Who invented the microscope? Credit for putting multiple lenses in a tube in order to gain a magnified view goes to two Dutch lens makers in the 1590s, Zacharias Jansen and his father, Hans. One of the first uses of microscopy in medicine occurred around 1650 when a Jesuit priest named Athanasius Kirchner saw little “worms” in blood samples, and he thought they might be connected to the plague. Medicine would not be where it is today without the ability to examine the sources of disease at great magnification.

Diagnosing prostate cancer currently requires a needle biopsy to remove very tiny threads of prostate tissue for evaluation under a microscope. (You can see a pathologist using a microscope to examine tissue, and how the magnified tissue looks, at http://www.hopkinsmedicine.org/hmn/F02/feature2.html) Until very recently, the standard biopsy has been guided by transrectal ultrasound (TRUS guided biopsy) and usually involves 10-14 systematic but random needles. Thanks to multiparametric MRI (mpMRI), the biopsy need not be random because the scan shows any locations that are suspicious for tumor.

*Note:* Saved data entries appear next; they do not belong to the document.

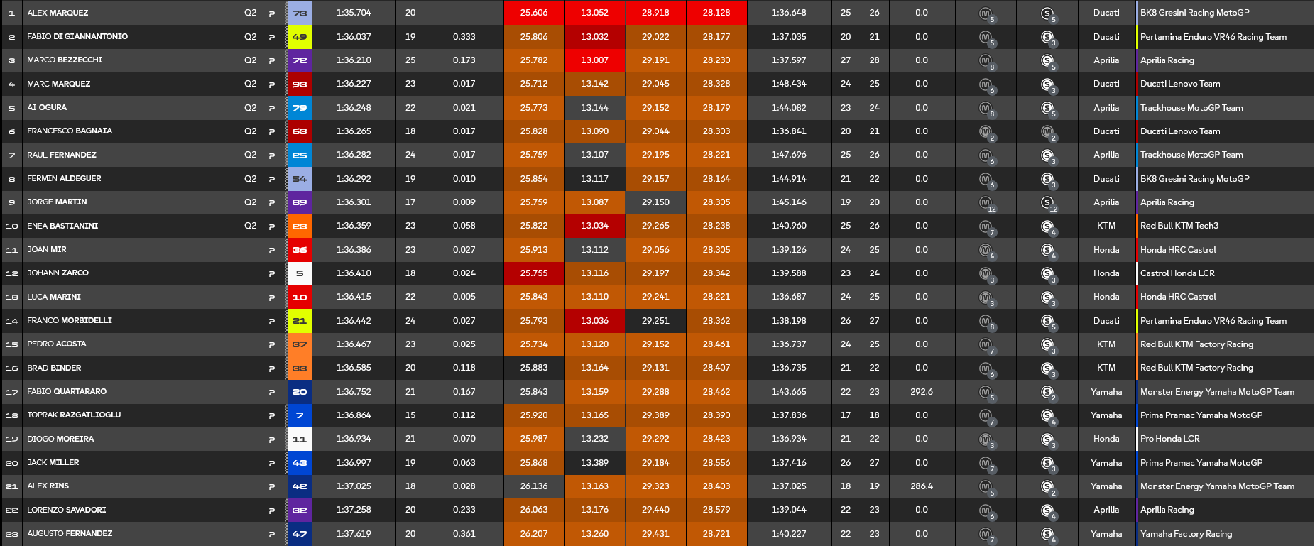 Marc Marquez κι Ai Ogura έμειναν ψηλά, παρά τα σκόρπια προβλήματα που είχαν στα πρώτα λεπτά, οι πρώην πρωταθλητές Pecco Bagnaia και Jorge Martin ξεπέρασαν τις πτώσεις του πρώτου μισού, Raul Fernandez και Fermin Aldeguer βρήκαν ταχύτατους χρόνους στο φινάλε, ενώ ο Enea Bastianini κατάφερε να πάρει μία ηρωική πρόκριση στο φινάλε, όντας ο μόνος αναβάτης εκτός Ducati κι Aprilia που κατάφερε να μπει στη δεκάδα.
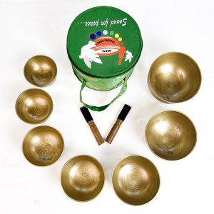 Small Singing Bowls Golden Carving Set (7 bowls) (10-15 cm, 3.7 kg) quantity
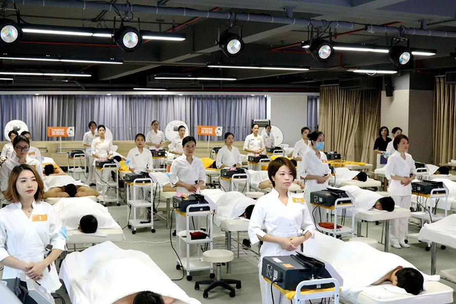 白色专属操作师服,25张铺有白色毛巾的美容床,再配以25台LifeTime操作仪器,整齐划一、简单直接。现场根据体验官的需求,按男士专场、女士肩颈、腰部、腹部专场分组,选手进行针对性的操作考核。
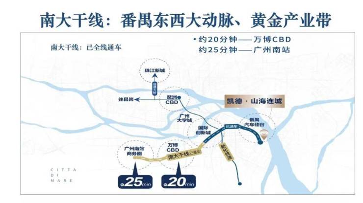 凯德·山海连城位于广州市番禺区金山大道东龙丰路段,楼盘是新加坡凯德集团布局华南板块东,落子广州番禺的山海生态大盘。
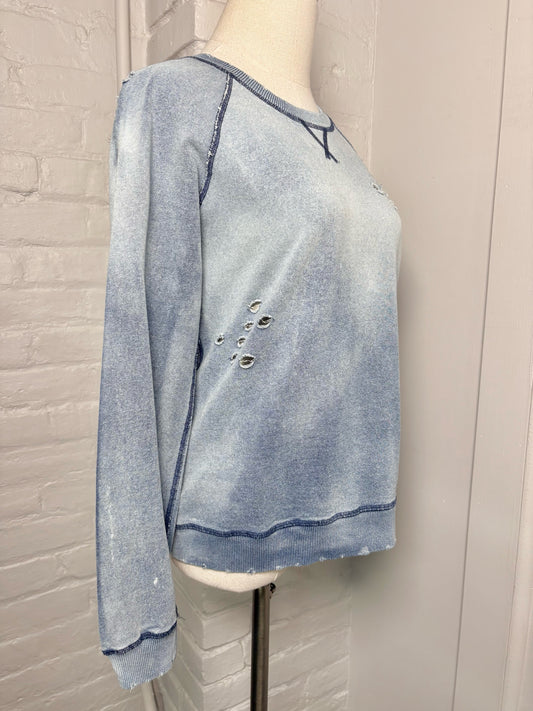 Women Size S Etienne Marcel Los Angeles Blue Acid Wash Cotton Sweatshirt
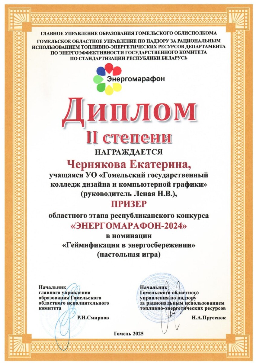 Диплом II степени. Награждается Чернякова Екатерина, учащаяся УО «Гомельский государственный колледж дизайна и компьютерной графики» (руководитель Леная Н.В.), ПРИЗЕР областного этапа республиканского конкурса «ЭНЕРГОМАРАФОН-2024» в номинации «Геймификация в энергосбережении»(настольная игра) |
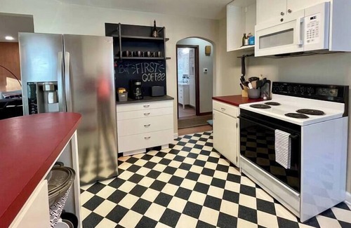 enjoy a stylish '50's experience in this newly renovated, centrally-located place only 3 mins to unmc Close to UNO, trendy Blackstone area, downtown & CHI center. Cozy up to the fireplace or toast some marshmallows in outdoor fire pit. Beautiful bedrooms and full kitchen with cooking essentials. Two bedrooms on main floor, one with large built-in desk space to get your work done. Lower Walk-Out has 3rd large bedroom, Sitting area with TV, Contemporary full bath, and laundry area.

However, a targeted biopsy done under real-time MRI (MRI guided targeted biopsy) is not yet feasible for everyone. Many urologists, who lack access and training for the use of MRI, rely on some form of co-registration or “fusion” of previously captured MR images with real-time ultrasound (MRI/US fusion guided biopsy). There are two kinds of fusion: a) cognitive fusion means the doctor looks at the MR images and mentally calculates where to direct the TRUS guided biopsy needles, and b) computer software that merges the two types of imaging and creates a 3D “cartoon” showing the suspicious area and suggesting needle trajectories into it.

A new study offers a comparative biopsy yield among three different image-guided biopsy methods:

  • Systematic TRUS guided biopsies
  • Cognitive fusion guided biopsies
  • In-bore real-time MRI guided biopsies.[iii]

Acar et al. (2015) identified 100 patients who were suspected of having prostate cancer based on screening but had no previous biopsy. All patients underwent mpMRI using T2-weighted imaging, diffusion weighted imaging, and dynamic contrast enhanced MRI. They were then assigned to one of three arms for diagnosis, and the men with prostate cancer were treated with radical prostatectomy. Finally, the specimens from surgery were compared with the biopsy findings, and the results are summed up in this table:

Type of biopsy Number of patients Positive diagnosis Detection of significant cancer identified from RP specimens
TRUS guided, systematic 37 51.3% 69.1%
Cognitive fusion 49 55.1% 70.3%
Real time in-bore MRI 14 71.4% 90%

In terms of the most accurate biopsy results, mpMRI targeted biopsies offer patients the greatest benefit for the fewest needles. There is a benefit to the pathologist, thanks to the “direct hit” of the needles, because targeted biopsy needles have the best probability of containing any significant cancer that lurks at the tumor’s core. Finally, there is benefit to the patient’s doctor who can discuss the nature of the patient’s disease and the most appropriate treatment choices. Though the study is small, it shows how mpMRI is the most advantageous guidance for prostate biopsy.




NOTE: This content is solely for purposes of information and does not substitute for diagnostic or medical advice. Talk to your doctor if you are experiencing pelvic pain, or have any other health concerns or questions of a personal medical nature.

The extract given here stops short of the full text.